Downloading histopathology data from the TCGA
How to download TCGA samples with a script and a manifest.
The Cancer Genome Atlas, a landmark cancer genomics program, molecularly characterized over 20,000 primary cancer and matched normal samples spanning 33 cancer types. This joint effort between the National Cancer Institute and the National Human Genome Research Institute began in 2006, bringing together researchers from diverse disciplines and multiple institutions.

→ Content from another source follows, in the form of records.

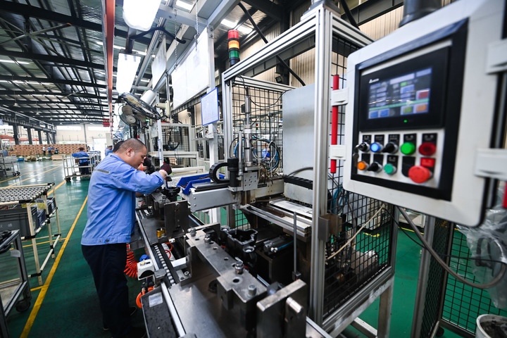 2022年9月27日,在位于浙江省諸暨市店口鎮(zhèn)工業(yè)區(qū)的浙江萬安科技股份有限公司數(shù)字化車間內,工人在流水線上生產作業(yè)。新華社記者 徐昱 攝
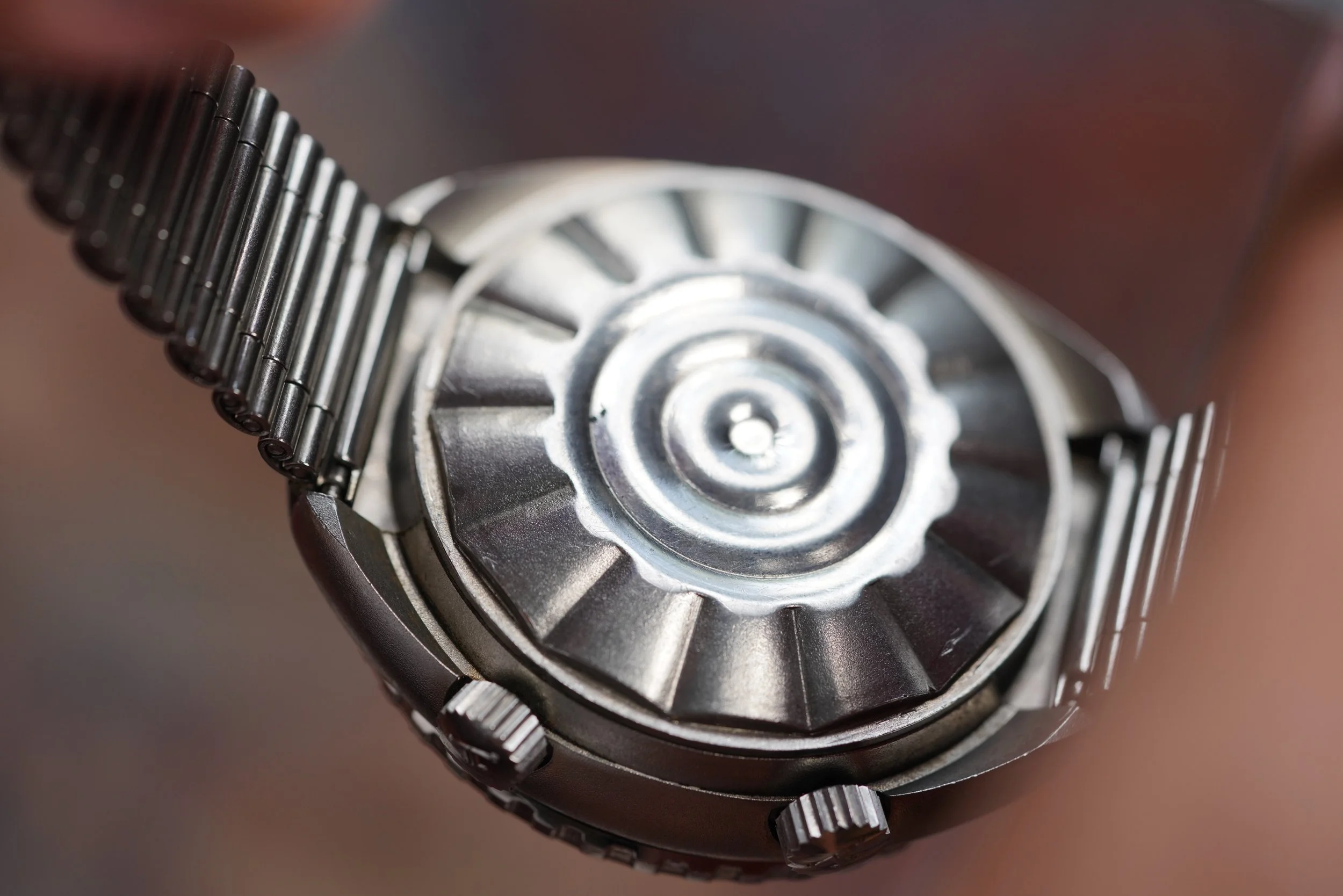 Along with the Atmos clock and Reversos, Jaeger-LeCoultre’s advancements in alarm timepieces throughout the 20th century are certainly one of the most iconic genres from the Le Sentier manufacturer. This Polaris II E 870 is a super funky and cool alarm-dive watch. It dates to the 1970s and you can tell this off first impression. The reference’s “E” stands for Etanche, which indicates the case is a water-resistant model. The pastel blue bezel insert and dial make the Polaris II one of the most unique looking watches. It is such a futuristic design and fun watch to admire on the wrist. It is paired on an NSA bracelet from the period. This is a similar style bracelet it would have been sold on, but instead signed JLC. They were also sold on Tropic straps.
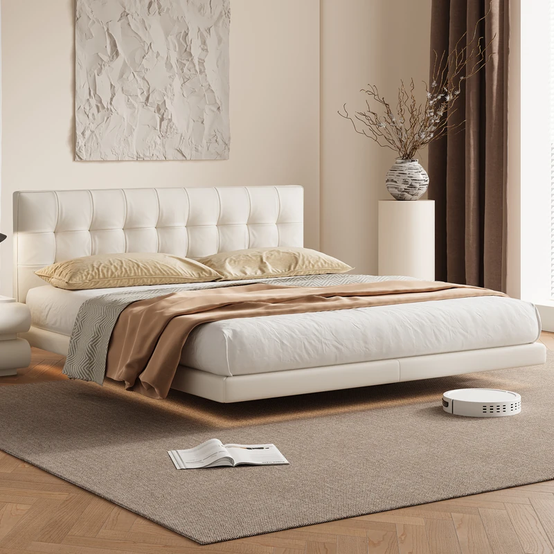パーソン記鉄製超薄豆腐ブロックバウハウスクリーム本革ベッドカーボンスチール浮遊型小型住宅用セカンドベッド婚礼用ベッド

Over the next dozen years, TCGA generated over 2.5 petabytes of genomic, epigenomic, transcriptomic, and proteomic data. The data, which has already lead to improvements in our ability to diagnose, treat, and prevent cancer, will remain publicly available for anyone in the research community to use.
Google storage of TCGA
The Cancer Genomics Cloud have put the TCGA ressource in a google cloud storage isb-tcga-phs000178-open
which allows fast and rapid access.
To make the most out of the ressource it is better to install the list of google storage tools.
Downloading, tips
For automatic download, we create a file (a manifest.txt file) where we fill in the id and the filename for each patient, like below:
id filename md5 size state
4a3346bc-8517-4672-b117-f17a50aec897 TCGA-AO-A0J2-01Z-00-DX1.7C9FEC7B-6040-4C58-9563-D10C0D7AC72E.svs 199b2ce15803c97c65d6d55fb5991af4 214678718 released
d2534d63-b497-44ab-9c60-99bbe29a5b48 TCGA-BH-A2L8-01Z-00-DX1.ACA51CA9-3C38-48A6-B4A9-C12FFAB9AB56.svs fa017edacb3f14f2395620819cffd76b 2252985725 released
To automatically download, you can then use the following command:
gsutil cp gs://isb-tcga-phs000178-open/gdc/${row.id}/${row.filename} .
Aknowledgement
This post was written to keep this knowledge alive and was part of an older and deprecated project. Judith Abécassis equally contributed.